» **Goal of the exercise**
Begin the copy at the line containing "Şekil 16. Arka Planda Cami" and end it at the final line of the material below, reproducing each line exactly, without images.

____________

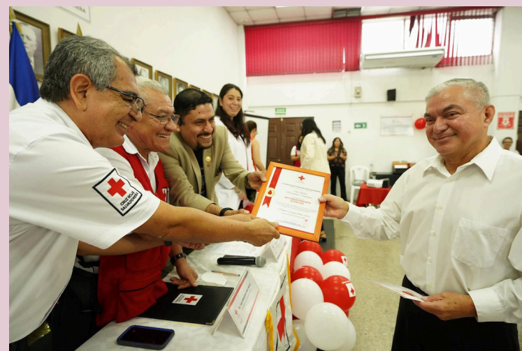
Cruz Roja reconoce a quienes, de forma altruista y frecuente, ayudan a mantener activas las reservas de sangre.

Dijo que en El Salvador y el mundo entero la necesidad de sangre es constante, no hay un
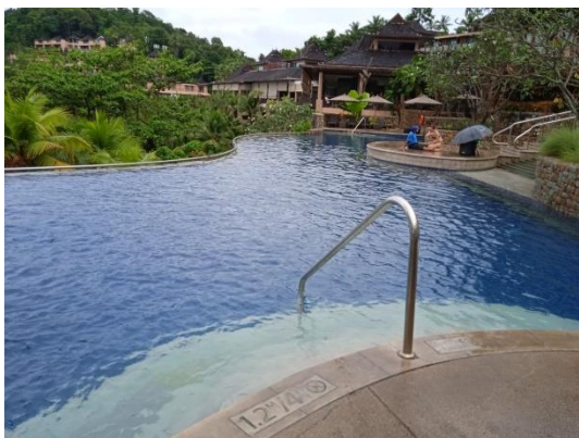
ภาพที่ 27 สระว่ายน้ำ
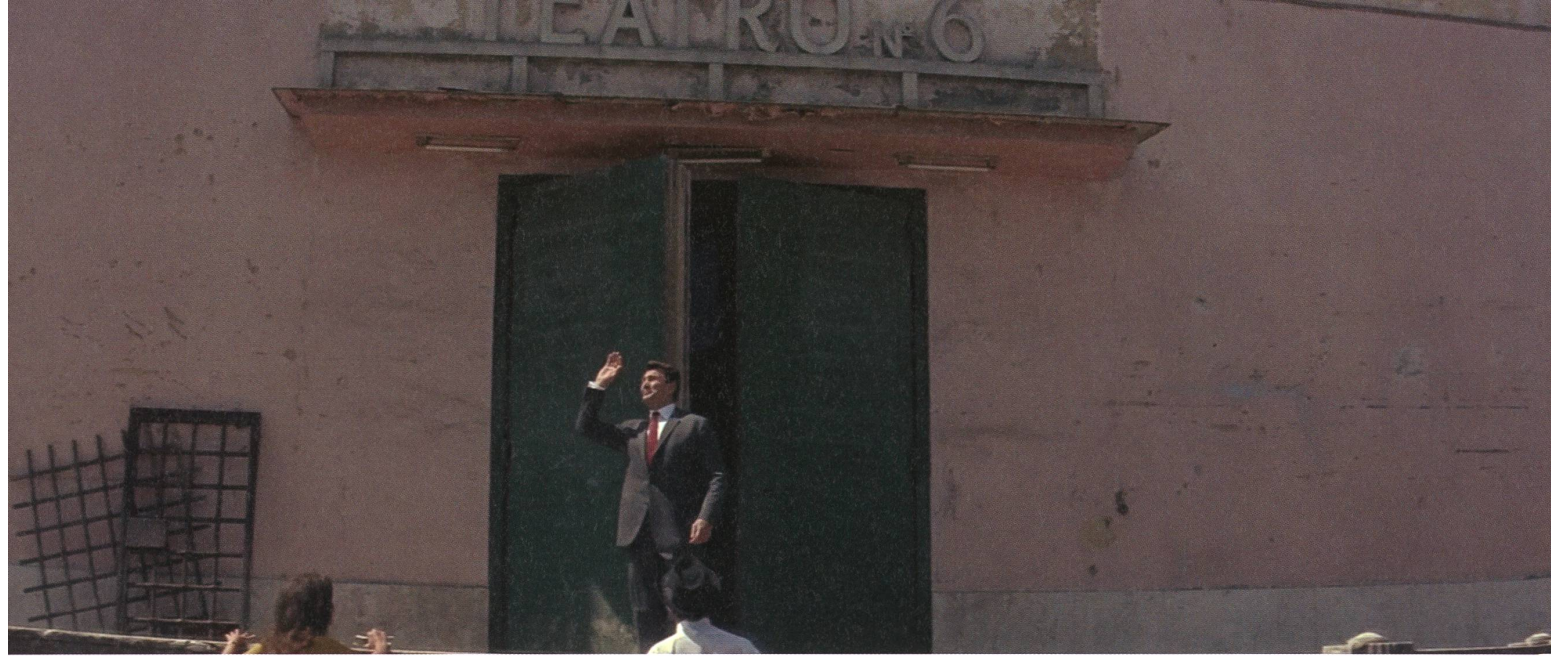
fig. e Des US-Filmproduzenten Jeremy Prokoschs erster Auftritt.

steigens, ist es das zu verhüllende Potential des Mauersegels auf dem Dach, das filmisch inszeniert wird (fig. d). 35 Verborgen und entborgen wird die nackte, sonnenbadende Camille sowie Fritz Langs Filmcrew; damit auch die letzte Einstellung beider Filme (fig. f): Doppelt gefilmt wird Odysseus' Erblicken seiner Heimat Ithaka. Das Ende des griechischen Film-Epos zeigt den Helden in Rückenansicht, mit dem wir die Sicht aufs Meer teilen. Anders als beim ersten theatralen Auftritt Prokoschs zu Beginn des Filmes (fig. e), sehen wir den Schauspieler im neuen Medium in Rückansicht. Die Ausrichtung der attischen Bühne im Theater, mit der «Skene» als gebauter Hintergrund, hat sich zugunsten jener im Film um 180 Grad gedreht. Alle Erregung legt sich mit dem triumphalen Blick aufs Meer.
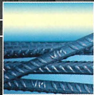
Cold Drawn Steel
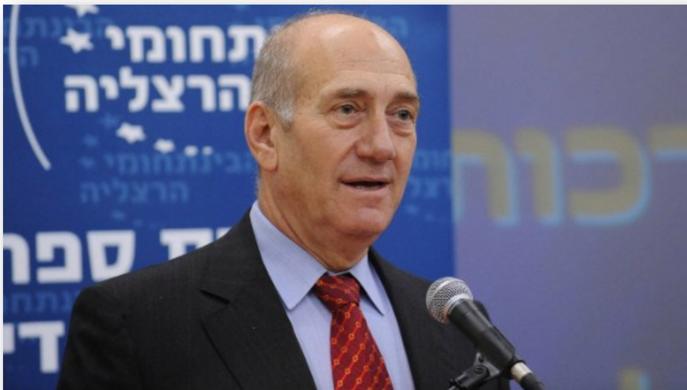
Twaalfde premier van Israël Ehud Olmert

Ehud Olmert geboren op 30 september 1945 in Binjamiena, Mandaatgebied Palestina, is een voormalig Israëliisch politicus van de Likoeid en Kadima partij en tevens de 12e premier van Israël vanaf 2006 tot en met 2009.
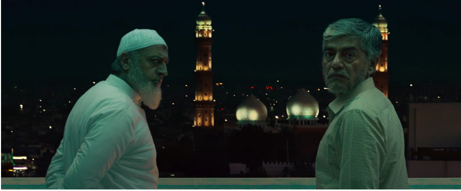
Şekil 16. Arka Planda Cami

Kaynak: Shetty, R. (Yönetmen), (2021), Sooryavanshi (Film), Hindistan: Reliance Entertainment
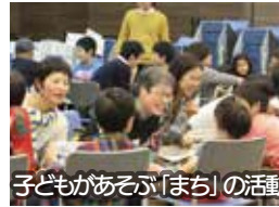
子どもがあそぶ「まち」の活動
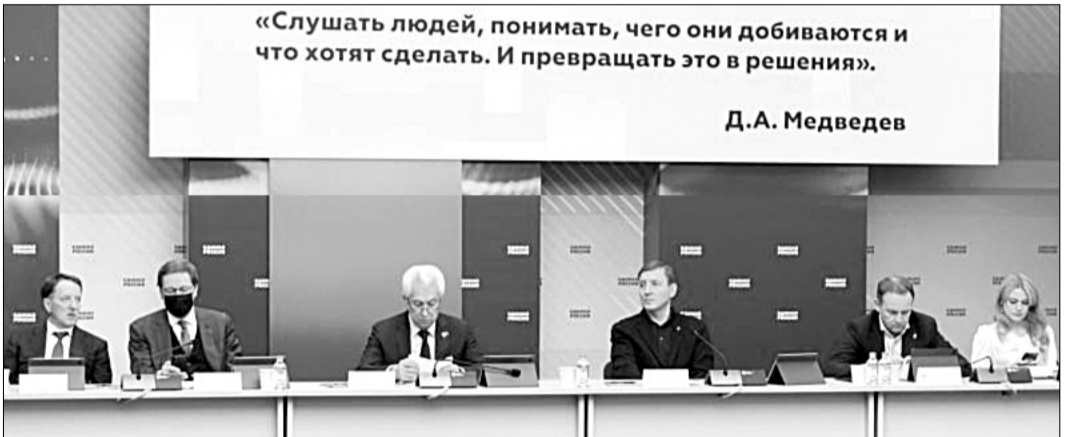
«Слушать людей, понимать, чего они добиваются и что хотят сделать. И превращать это в решения».

"Сæйрагдæр уый у, æмæ адæмон программæ арæзт цыд адæмон сæхицæй æмæ у адæмон,

____________

» **Expected answer**
Şekil 16. Arka Planda Cami

Kaynak: Shetty, R. (Yönetmen), (2021), Sooryavanshi (Film), Hindistan: Reliance Entertainment
子どもがあそぶ「まち」の活動
«Слушать людей, понимать, чего они добиваются и что хотят сделать. И превращать это в решения».

"Сæйрагдæр уый у, æмæ адæмон программæ арæзт цыд адæмон сæхицæй æмæ у адæмон,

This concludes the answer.